Scientists are unsure as to what causes prostate cancer, but age, obesity and a lack of exercise are known risks. 

Anyone with any concerns can speak to Prostate Cancer UK’s specialist nurses on 0800 074 8383 or visit

ICSI involves doctors injecting a single sperm into an egg. 

This is different to IVF, which mixes sperm with eggs and allows them to fertilise. 

In Sweden, ICSI is mainly used in men with ‘significantly impaired semen quality’, the scientists wrote. Its use therefore suggests severe infertility. 

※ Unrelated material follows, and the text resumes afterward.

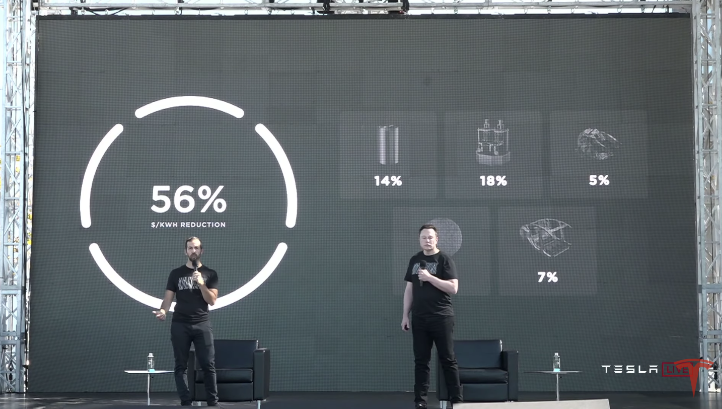 降低电池成本,是电动车进行大规模普及、售价逼近燃油车甚至更低所面临的最大难题。一向以成本杀手著称的伊隆·马斯克深谙此道,特斯拉从弱小走向无敌的进程就是马斯克对极致成本的追求。按照马斯克在今年电池日的说法,特斯拉从第一性原理出发,致力于降低电芯设计、电芯制造、阳极材料、阴极材料、电芯集成等全电池价值链成本,最终要在2023年将电池组的成本降低56%至60美元/千瓦时。

Results revealed the men who became fathers via ICSI were 64 per cent more likely to develop prostate cancer, while those who had children by IVF were 33 per cent more at risk.  

The men who had children via assisted reproduction were also 86 per cent more likely to develop the disease before 55, defined as early-onset.  

Professor Allan Pacey, from the University of Sheffield, said: ‘There have been a number of studies over the past few years suggesting a diagnosis of male infertility might be a possible marker of future health conditions in men.

‘As such, it has been proposed male infertility might serve as a “canary in the coal mine” for men’s health.

‘This study is excellent, and adds further evidence to the ‘canary in the coal mine’ theory by showing Swedish men who became fathers using techniques of assisted reproduction are at increased risk of prostate cancer later in life.

‘It is important to be clear this is not because the techniques of assisted reproduction go on to cause prostate cancer, but probably because the two have a common cause in some way.

‘Perhaps all men who are diagnosed with a fertility problem in their 20’s and 30’s should be given a leaflet explaining what this might mean for them in their 50’s and 60’s’.

The researchers argue screening should be considered among this group of men, who appear to be at a higher risk of the disease.  

Experts argue, however, this would be ‘difficult to justify’.

Writing in a linked editorial, a team from Hammersmith Hospital said: ‘In the absence of a plausible mechanism of action or proof of causation, justifying screening for prostate cancer in all infertile men is difficult.

‘However, further research on the possible future complications of male infertility would be welcomed by patients and will help clinicians to counsel all infertile men about their future health.’

There is no screening programme for prostate cancer in the UK or US. 

A blood test that looks for a protein called ‘prostate-specific antigen’ (PSA) has been suggested. 

However, healthy cells also produce PSA, leading to small amounts in the bloodstream even in men without cancer.

PSA levels can rise if the prostate enlarges, which may be an indicator of a problem. However, cancer may not necessarily be to blame. Levels also rise with age.

Furthermore, up to 15 per cent of men with prostate cancer have normal PSA levels, which can cause cases to be missed, according to the NHS. 

The PSA test can also pick up on cancers that are slow growing and do not cause symptoms or shorten life.

For many prostate-cancer sufferers, treatment is unnecessary, with doctors recommending ‘watchful waiting’.

A positive PSA test could cause patient anxiety, prompting them to have treatment. In many cases, the side effects outweigh the benefits, with some being left incontinent and impotent.